KBWBarclays has announced the purchase of Lehman Brothers’ North American investment banking and capital markets operations for £140m, together with property assets for around £0.8bn, taking the total consideration to c£1bn.
There will also be a £0.6bn share issue supported by ‘certain’ shareholders. We have to make a number of assumptions at this stage, but it looks to be around 24p accretive to 08E NAV and would add around 0.4% to the core capital ratio. There are, however, a number of unknowns, including the underlying quality of the assets being acquired and any associated restructuring charge.
Merill
We think the near term impact is likely to be positively viewed.
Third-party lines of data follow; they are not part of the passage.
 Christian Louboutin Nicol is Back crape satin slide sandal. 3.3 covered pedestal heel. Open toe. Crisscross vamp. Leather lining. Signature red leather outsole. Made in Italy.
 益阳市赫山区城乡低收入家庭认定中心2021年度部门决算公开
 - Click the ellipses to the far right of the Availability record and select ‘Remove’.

Barclays appears o have avoided buying any of the legacy assets in structured credit and commercial real estate, which was a concern over the weekend; it has paid a relatively low price to achieve a change in scale in its US operations; and the immediate capital impacts are positive.
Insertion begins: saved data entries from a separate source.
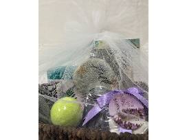 Sit back and relax with this lavender themed basket. The basket features lavender shower gel, body lotion, bubble bath, essential oil diffuser, lavender oil, bath fizzies, bean heating pad, gel packs and reed diffuser.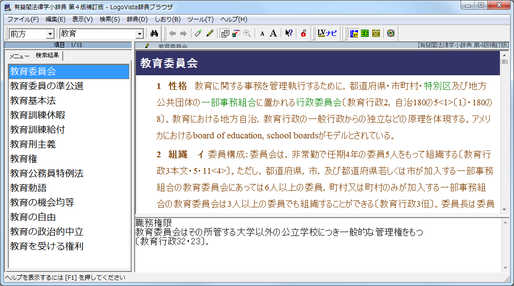 具体的な叙述で定評の法学学習辞典に、全法令を検索可能なツールをプラス!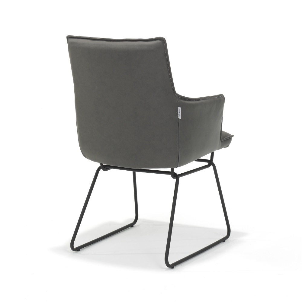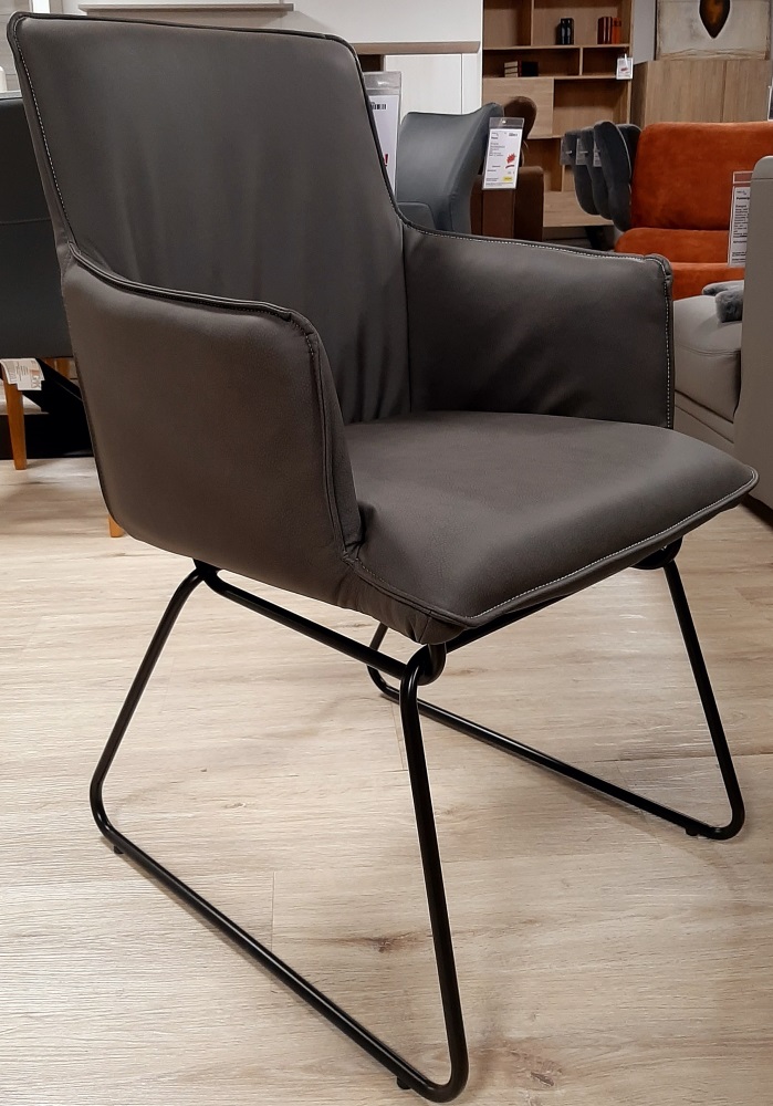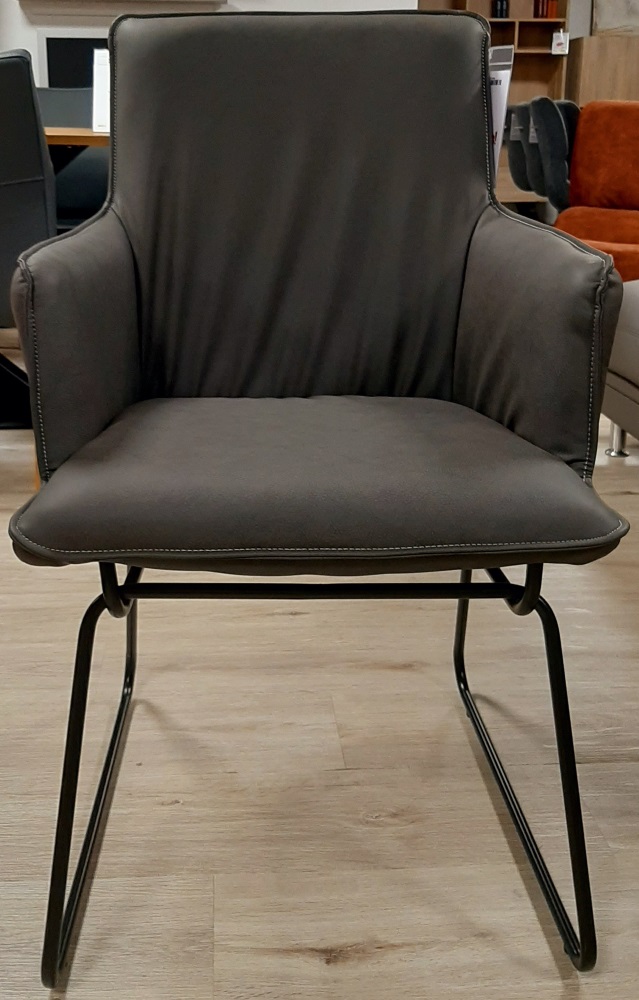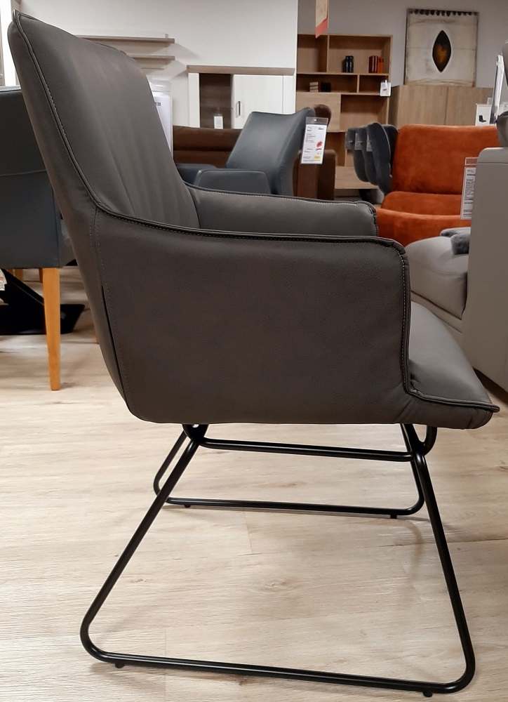Der Esszimmerstuhl Flair ist mit seiner modernen und anpassbaren Optik ein modischer hin Gucker in jedem Esszimmer. Mit dem Kunstlederpolster in Anthrazit, und den schwarzen Schlittengestell aus Aluminium wirkt der Stuhl freundlich und einladend. Durch das Kunstleder kann Dreck und Staub einfach ohne Probleme abgewischt werden, und somit kann man die Esszimmerstühle immer leicht sauber halten. Mit den Armlehnen kann man bequem seine Arme ablegen um entspannter Sitzen zu können. Der Esszimmerstuhl sieht aber nicht nur gut aus, sondern kann mit seiner Belastung von ca. 120 Kg auch überzeugend wirken.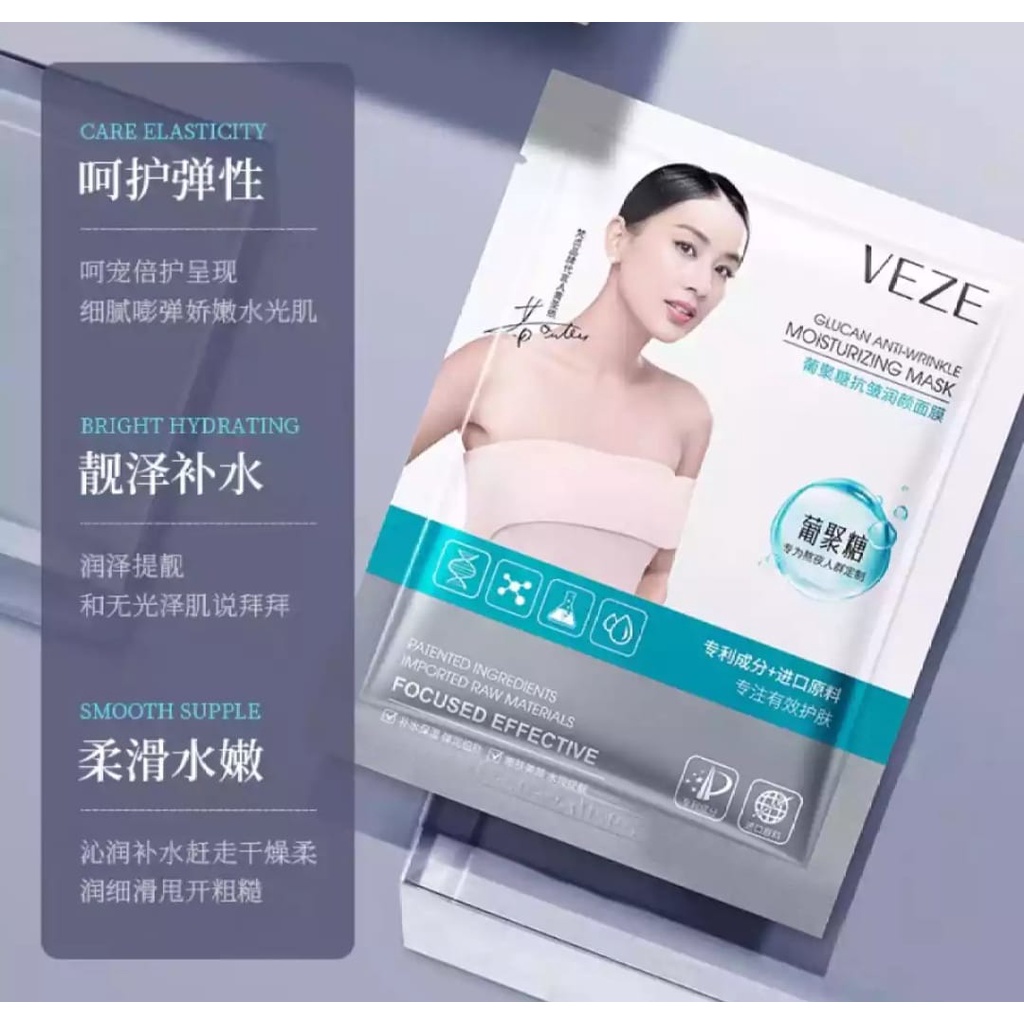 Veze sheet mask moisturizing 25gram Isi 10Pcs masker pelembab anti-kerut veze dextran , masker pelembab anti-kerut glukan rasa isi 25g

In addition, the deal is likely to be accretive to earnings quite quickly, although we currently have no details on the earnings power of the businesses acquired.
Longer term, however, we think the market will question the strategic rationale of the deal, because it moves Barclays back in the direction on investment banking at a time when we had been expecting more of a focus on retail.
On our current 2009 numbers, Barcap represents 26% of profits, and 46% of RWAs. If we assume that the 10,000 new Lehman employees can produce the same level of net income per employee as the current 16,000 Barcap employees, it would take Barcap up to 37% of group profits.
Cazeonove
The issue of £0.6bn of new equity plus the purchase of assets at a discount adds £2.4bn to equity tier 1. We estimate that on acqusition the deal will add £8bn of RWA and therefore on completion, the equity tier 1 ratio rises by 50bp.
In our view this acquisition has the potential to be transformational for Barclays. The risks of the transaction are substantially lower than if an entire business had been acquired. The primary challenge is for the group to generate sufficient capital to fund the ongoing and now larger capital commitments with this acquisition.
MF Global
The deal makes very good sense financially. Barclays will book some USD3.6bn in negative goodwill and will issues some USD1.0 billion in equity. The terms and timing have not yet been communicated, but the issue is supported by Barclays’ shareholders.
We estimate that this transaction increases Barclays core tier 1 ratio by 50bp to 6.7% by year end 2008, assuming USD15bn in RWAs. On a more important note, we believe that Barclays received the green light from the regulators to pursue Lehman.
It also received the go ahead to make an acquisition in emerging markets and were able to substantially boost mortgage market share in the UK during H1 2008. Consequently, we believe the regulator is certain that Barclays is safe, otherwise it would not be allowed to do all three things in a time of crisis.